Other Performance Considerations

NVIDIA Jetson platforms are designed to be configurable for different power and performance needs. By default, the NVIDIA AGX Orin comes configured with "medium" performance and power settings which can be changed with the nvpmodel utility. For more details on this utility, see the NVIDIA Jetson Linux Developer Guide.

MAXN Power Mode

If your environment supports higher power draw and heat output from the NVIDIA AGX Orin, you can use the command below to set the power mode to "MAXN" (or "unlimited") for better compute performance:

sudo nvpmodel -m 0

For more information on available modes, power consumption, and clock frequencies, refer to the NVIDIA Jetson Linux Developer Guide.

Jetson Clocks

Even when using "MAXN" power mode, the clock frequencies configured for each chip or accelerator are defined as ranges. When running real-time applications on these platforms, the delays introduced when scaling clock frequencies can cause "hitches" or momentary latencies. To alleviate this, NVIDIA provides another utility called jetson_clocks which pins each chip's or accelerator's frequency to the max frequency in its range. However, the configuration changes that jetson_clocks applies are not persistent across reboots. In order to apply jetson_clocks' changes on each boot, a systemd service can be used.
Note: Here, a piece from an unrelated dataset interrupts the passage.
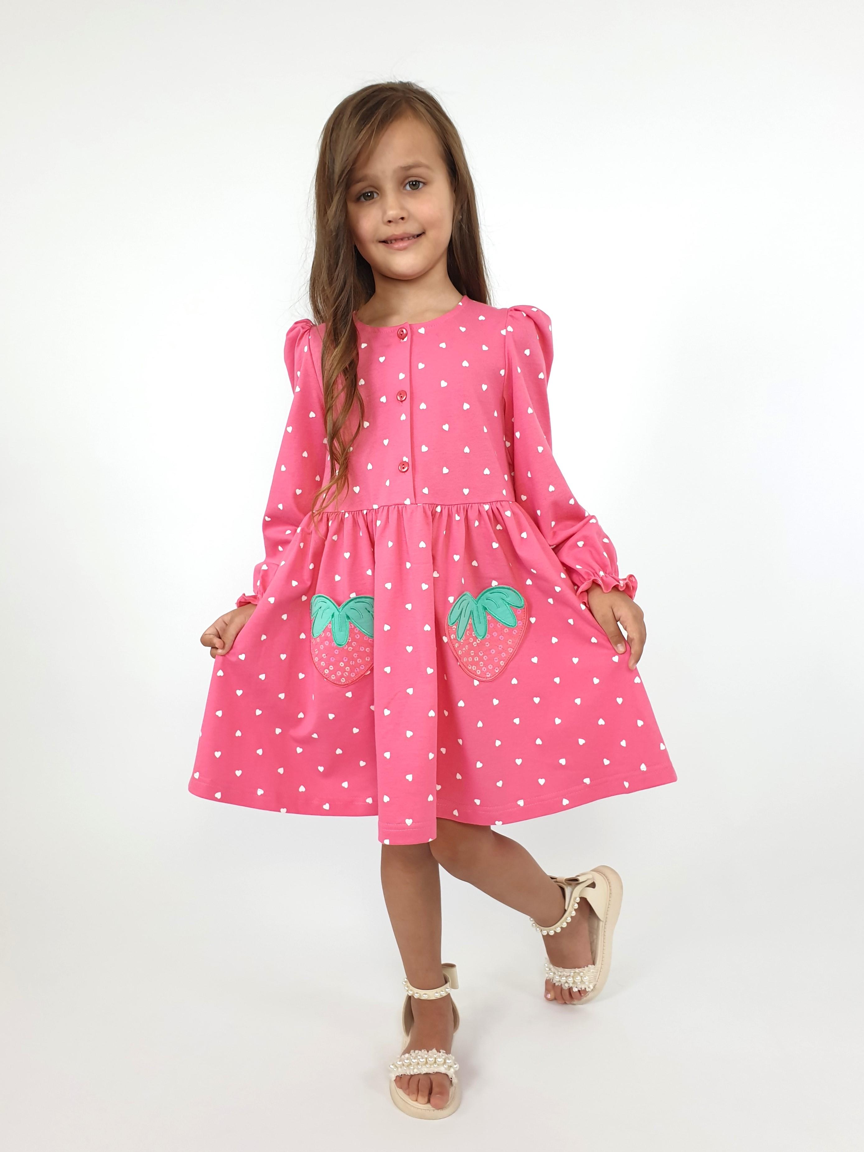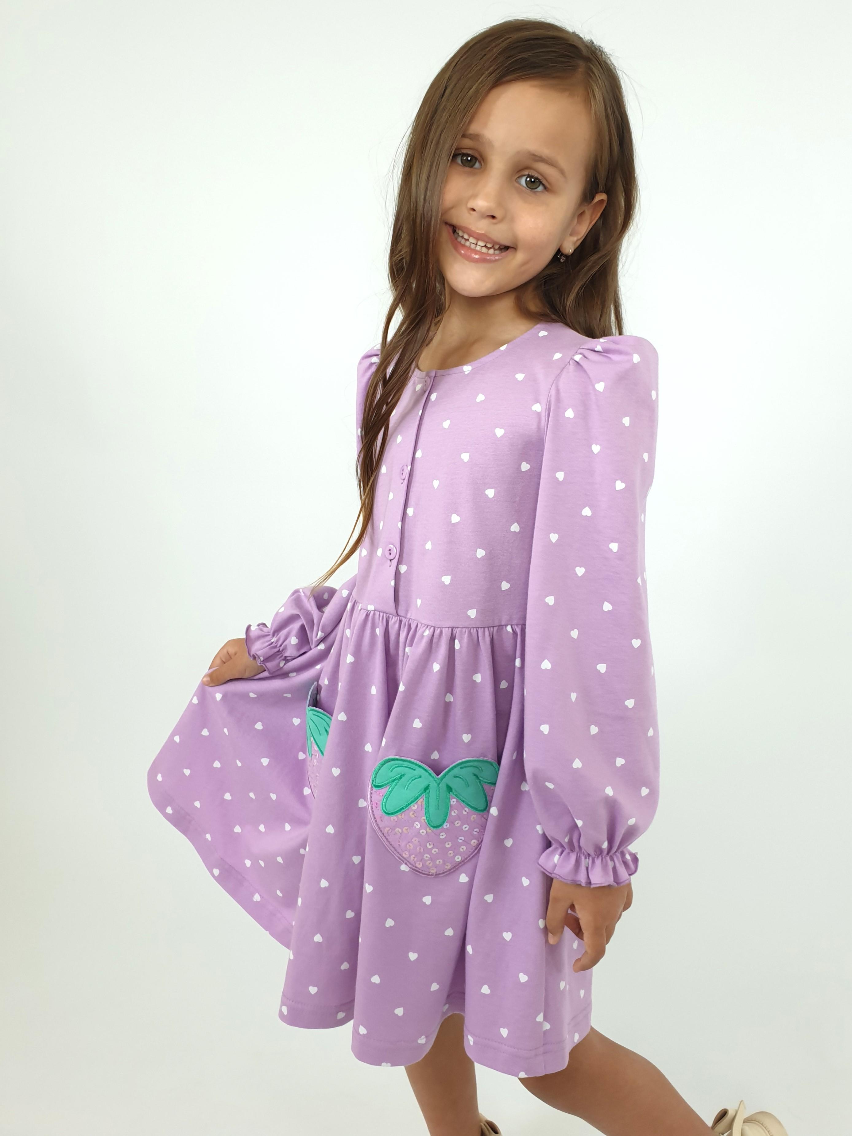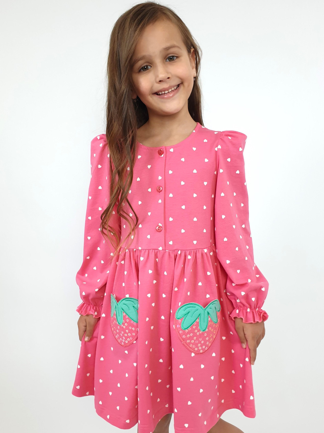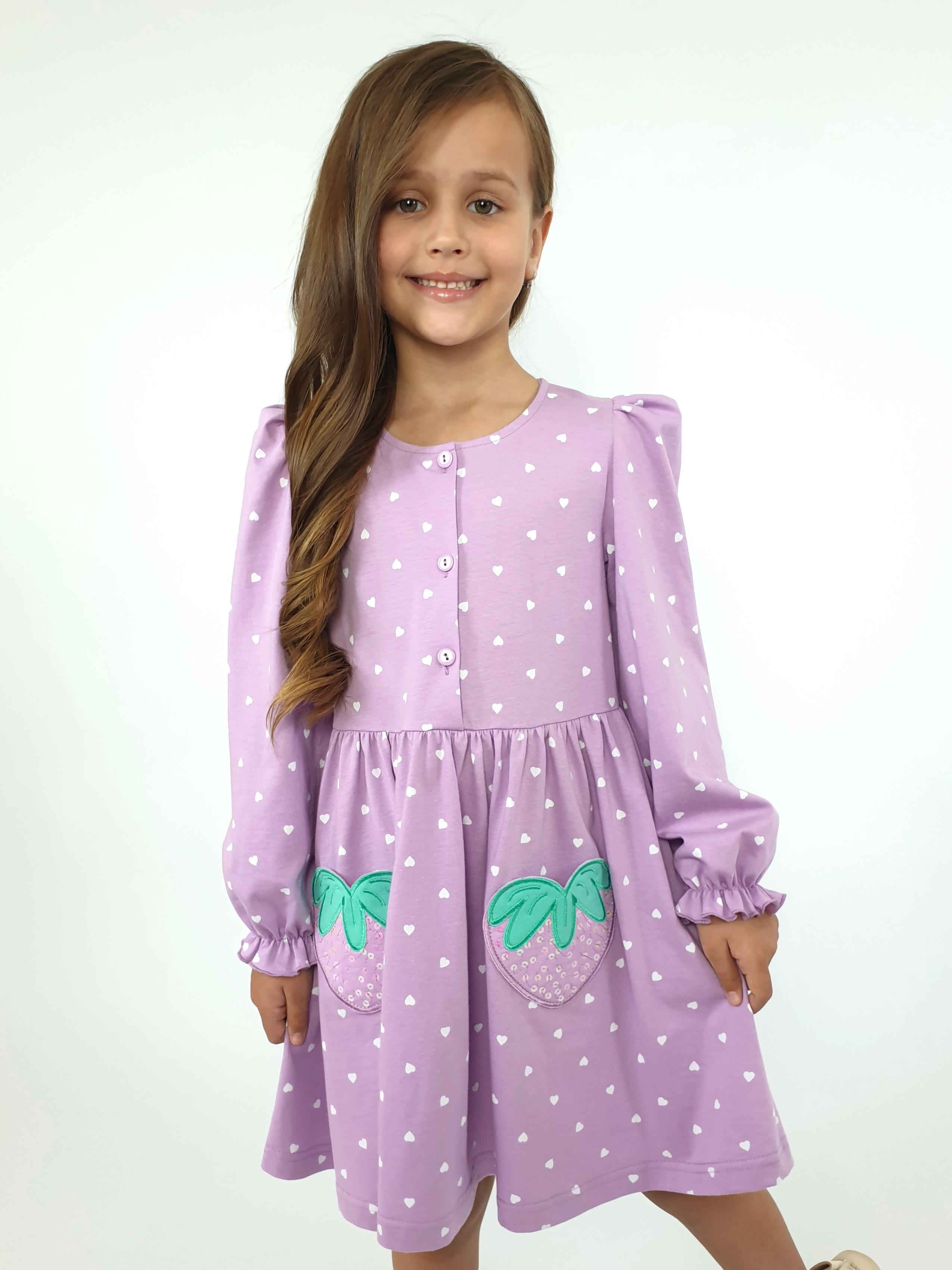 Кулирное полотно (набивка):100% х/б. Платье-с отрезной юбкой в сборку,два кармана с вышивкой(пайетки).Длинный рукав с резинкой внизу,сборка по окату.Горловина окантована и подшита,застежка центральная на пуговицы.
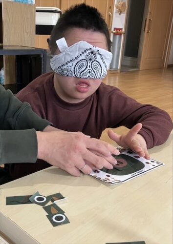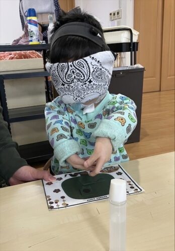 目隠しをしてできる児童は職員の声を聞き、手の感覚で場所を決めて仕上げました!

To create this service, create the file /etc/systemd/system/jetson-clocks.service using sudo and a terminal editor such as vim or nano and populate it with the following text:

[Unit]
Description=Jetson Clocks Service
After=multi-user.target

[Service]
Type=oneshot
ExecStart=/usr/bin/jetson_clocks
RemainAfterExit=true

[Install]
WantedBy=multi-user.target

Then, to enable the service to start on boot, run sudo systemctl enable jetson-clocks.service. To enable the service immediately, run sudo systemctl start jetson-clocks.service.